🤖 AI Summary
To address neural incompatibility—arising from architectural and parametric disparities—in cross-scale knowledge transfer among large language models (LLMs), this paper proposes Parameterized Knowledge Transfer (PKT), a latent semantic alignment–based approach. Unlike conventional methods that directly reuse layer-wise parameters, PKT employs intermediate-layer activation representations as knowledge carriers and introduces a learnable semantic alignment module to establish consistent mappings between the latent spaces of models of differing scales, achieving behavior-level alignment without parameter sharing. This work is the first to identify latent semantic alignment as the foundational mechanism for cross-scale knowledge transfer, effectively circumventing the neural incompatibility bottleneck. PKT demonstrates significant improvements over state-of-the-art methods across four benchmark tasks, empirically validating its efficacy and revealing the critical role of semantic alignment in determining transfer performance.
📝 Abstract
Large Language Models (LLMs) encode vast amounts of knowledge in their massive parameters, which is accessible to locate, trace, and analyze. Despite advances in neural interpretability, it is still not clear how to transfer knowledge in a fine-grained manner, namely parametric knowledge transfer (PKT). A key problem is enabling effective and efficient knowledge transfer across LLMs of different scales, which is essential for achieving greater flexibility and broader applicability in transferring knowledge between LLMs. Due to neural incompatibility, referring to the architectural and parametric differences between LLMs of varying scales, existing methods that directly reuse layer parameters are severely limited.

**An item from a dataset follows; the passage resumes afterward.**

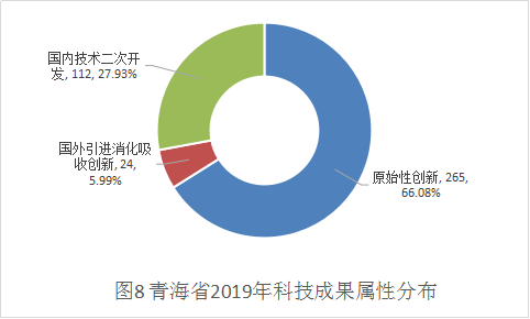 401项应用技术成果中,按照成果属性占比从高到低排列依次为:属于原始性创新的成果过半(占应用技术成果数的66.08%),达到265项;属于国内技术二次开发成果112项,占27.93%;属于国外引进消化吸收创新的成果24项,占5.99%。(见图8)

In this paper, we identify the semantic alignment in latent space as the fundamental prerequisite for LLM cross-scale knowledge transfer. Instead of directly using the layer parameters, our approach takes activations as the medium of layer-wise knowledge transfer. Leveraging the semantics in latent space, our approach is simple and outperforms prior work, better aligning model behaviors across varying scales. Evaluations on four benchmarks demonstrate the efficacy of our method. Further analysis reveals the key factors easing cross-scale knowledge transfer and provides insights into the nature of latent semantic alignment.